(Task objective):
From the first line to the last, copy the material word for word; pictures stay out.

(The data):
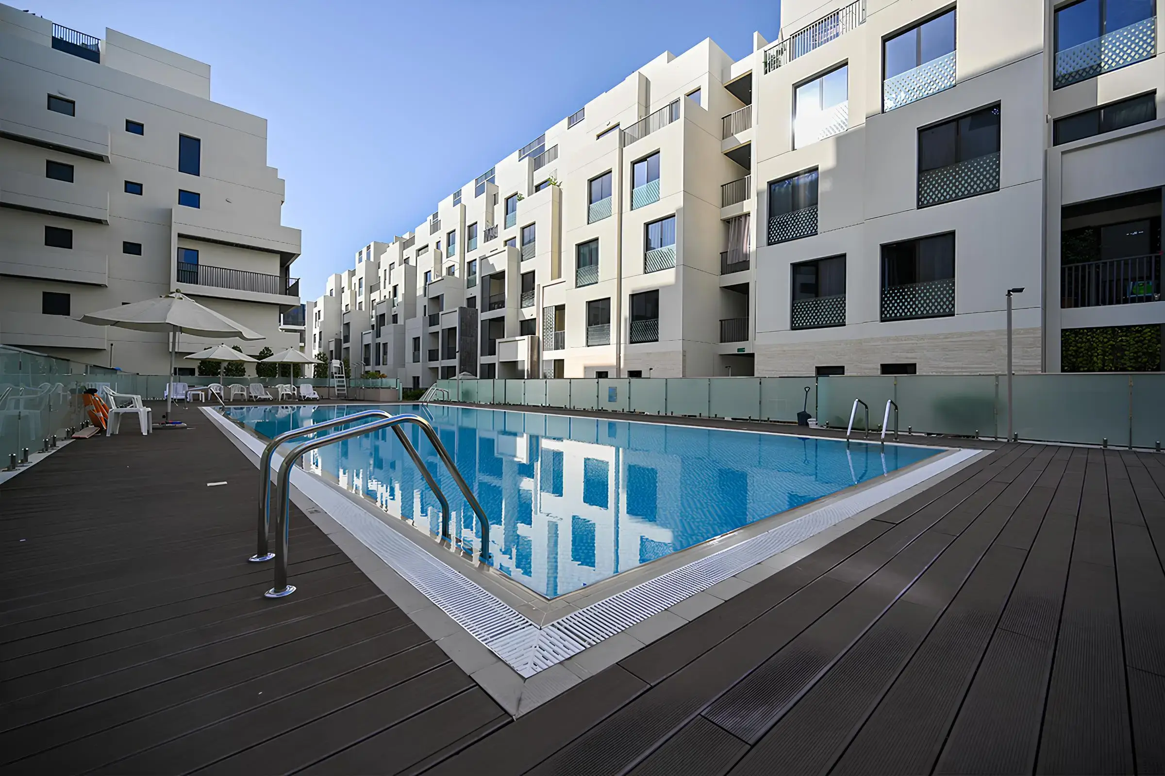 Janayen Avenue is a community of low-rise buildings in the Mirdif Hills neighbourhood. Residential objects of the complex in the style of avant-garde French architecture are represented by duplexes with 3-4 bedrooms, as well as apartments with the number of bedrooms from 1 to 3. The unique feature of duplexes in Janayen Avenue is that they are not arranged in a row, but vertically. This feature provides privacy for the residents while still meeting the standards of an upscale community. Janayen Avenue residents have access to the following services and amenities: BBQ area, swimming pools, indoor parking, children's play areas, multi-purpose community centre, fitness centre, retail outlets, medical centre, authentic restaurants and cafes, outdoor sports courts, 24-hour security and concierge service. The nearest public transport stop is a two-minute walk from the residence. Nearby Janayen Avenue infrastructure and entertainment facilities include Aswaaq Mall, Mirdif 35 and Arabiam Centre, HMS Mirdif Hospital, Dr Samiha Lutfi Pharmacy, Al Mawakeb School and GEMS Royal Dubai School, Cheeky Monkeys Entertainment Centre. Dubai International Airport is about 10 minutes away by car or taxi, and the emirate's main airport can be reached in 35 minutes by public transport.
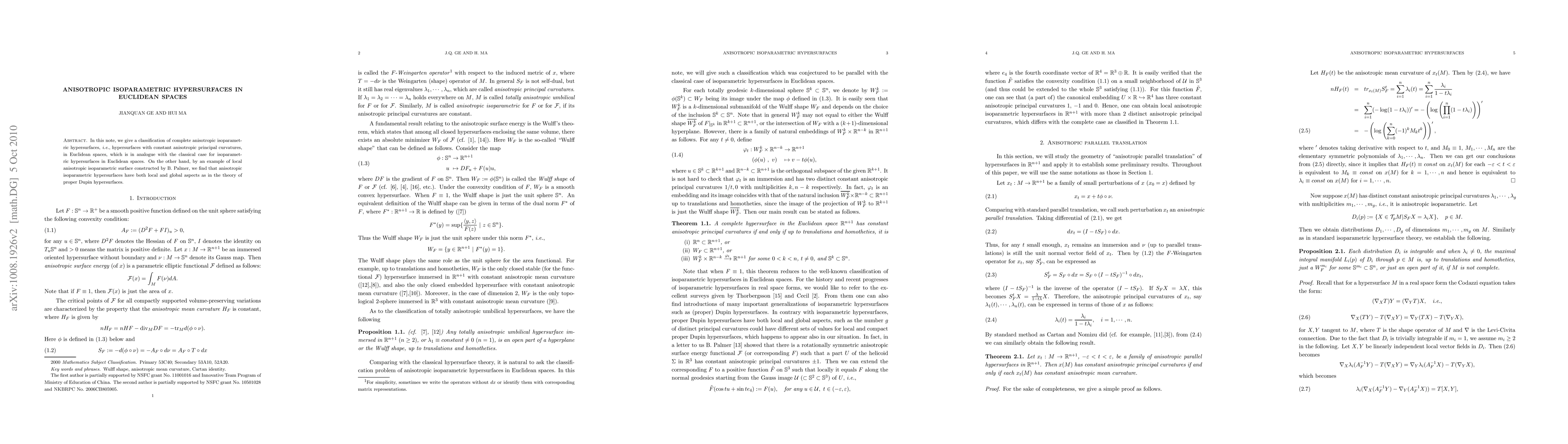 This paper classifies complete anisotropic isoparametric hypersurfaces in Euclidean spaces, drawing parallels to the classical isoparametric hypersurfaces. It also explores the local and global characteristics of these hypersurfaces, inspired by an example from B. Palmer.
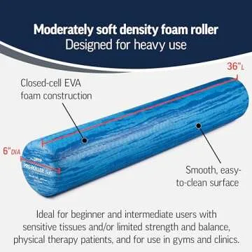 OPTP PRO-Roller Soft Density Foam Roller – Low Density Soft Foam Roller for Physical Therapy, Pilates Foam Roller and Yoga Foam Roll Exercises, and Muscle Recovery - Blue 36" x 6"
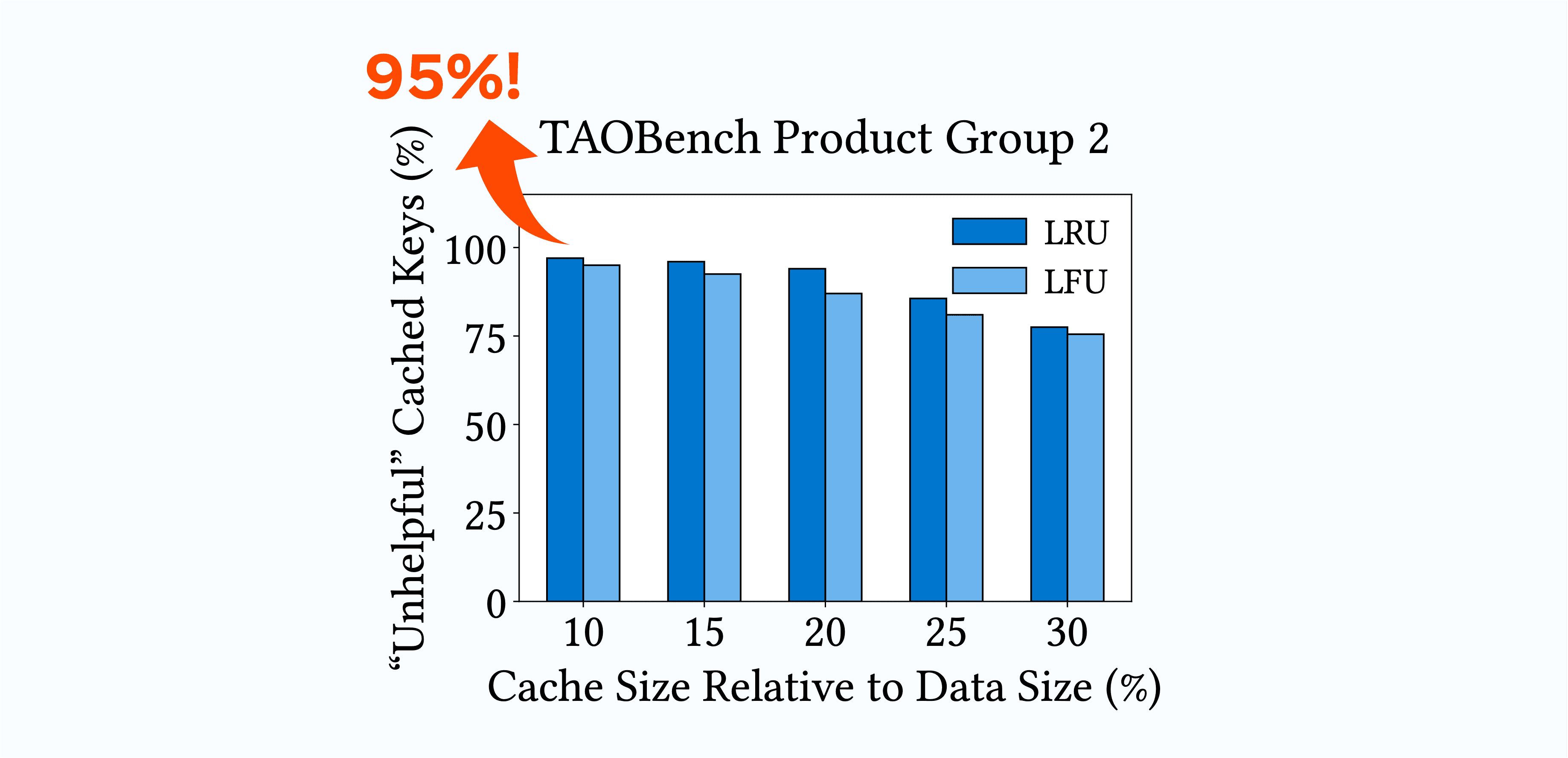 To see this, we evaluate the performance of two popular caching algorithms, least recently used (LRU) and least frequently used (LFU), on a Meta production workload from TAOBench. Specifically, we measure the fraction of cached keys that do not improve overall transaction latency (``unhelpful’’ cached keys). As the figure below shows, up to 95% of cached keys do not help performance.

(Answer area):
 Janayen Avenue is a community of low-rise buildings in the Mirdif Hills neighbourhood. Residential objects of the complex in the style of avant-garde French architecture are represented by duplexes with 3-4 bedrooms, as well as apartments with the number of bedrooms from 1 to 3. The unique feature of duplexes in Janayen Avenue is that they are not arranged in a row, but vertically. This feature provides privacy for the residents while still meeting the standards of an upscale community. Janayen Avenue residents have access to the following services and amenities: BBQ area, swimming pools, indoor parking, children's play areas, multi-purpose community centre, fitness centre, retail outlets, medical centre, authentic restaurants and cafes, outdoor sports courts, 24-hour security and concierge service. The nearest public transport stop is a two-minute walk from the residence. Nearby Janayen Avenue infrastructure and entertainment facilities include Aswaaq Mall, Mirdif 35 and Arabiam Centre, HMS Mirdif Hospital, Dr Samiha Lutfi Pharmacy, Al Mawakeb School and GEMS Royal Dubai School, Cheeky Monkeys Entertainment Centre. Dubai International Airport is about 10 minutes away by car or taxi, and the emirate's main airport can be reached in 35 minutes by public transport.
 This paper classifies complete anisotropic isoparametric hypersurfaces in Euclidean spaces, drawing parallels to the classical isoparametric hypersurfaces. It also explores the local and global characteristics of these hypersurfaces, inspired by an example from B. Palmer.
 OPTP PRO-Roller Soft Density Foam Roller – Low Density Soft Foam Roller for Physical Therapy, Pilates Foam Roller and Yoga Foam Roll Exercises, and Muscle Recovery - Blue 36" x 6"
 To see this, we evaluate the performance of two popular caching algorithms, least recently used (LRU) and least frequently used (LFU), on a Meta production workload from TAOBench. Specifically, we measure the fraction of cached keys that do not improve overall transaction latency (``unhelpful’’ cached keys). As the figure below shows, up to 95% of cached keys do not help performance.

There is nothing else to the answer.